**Task to carry out**
Print nothing except the line holding "Набор самокл. этикеток-закладок" and the lines that come after it in the material below, and leave the pictures out.

--- Recorded data Enclosed Below ---

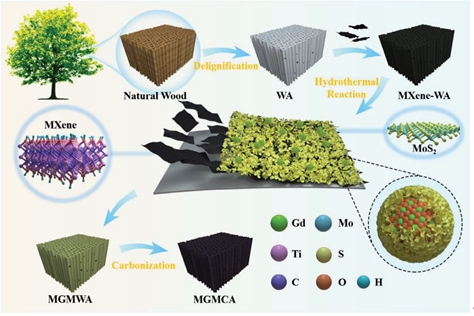 功能復(fù)合材料、先進(jìn)陶瓷材料領(lǐng)域:團(tuán)隊(duì)以木材為原料構(gòu)建出高性能的MoS2@Gd2O3/Mxene負(fù)載多孔碳?xì)饽z復(fù)合材料,表現(xiàn)出優(yōu)異的電磁波吸收性能,為開(kāi)發(fā)高性能、可持續(xù)的多功能生物質(zhì)材料開(kāi)辟了一條新途徑。團(tuán)隊(duì)與蒙娜麗莎集團(tuán)股份有限公司合作,開(kāi)展了建筑陶瓷薄型化的增強(qiáng)、增韌技術(shù)研究,使得陶瓷薄板的抗彎強(qiáng)度超過(guò)240 MPa,較改進(jìn)前提升了20%,攻克了陶瓷領(lǐng)域的技術(shù)性難題。
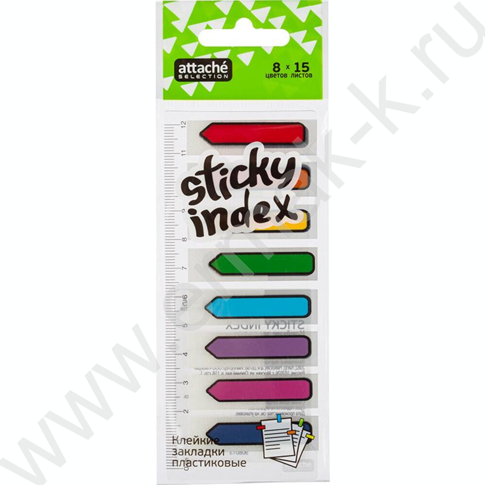 Набор самокл. этикеток-закладок 45*12мм/25л*8цв пластик Стрелка
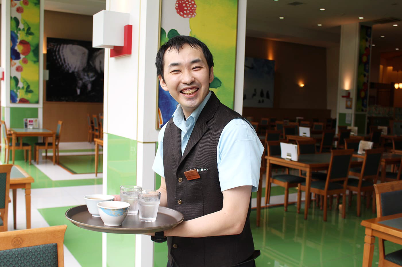 レストラン・宴会場・お食事処等での接客対応、会場設営などを行います。

--- End of Enclosed Recorded data ---

**Answer area**
 Набор самокл. этикеток-закладок 45*12мм/25л*8цв пластик Стрелка
 レストラン・宴会場・お食事処等での接客対応、会場設営などを行います。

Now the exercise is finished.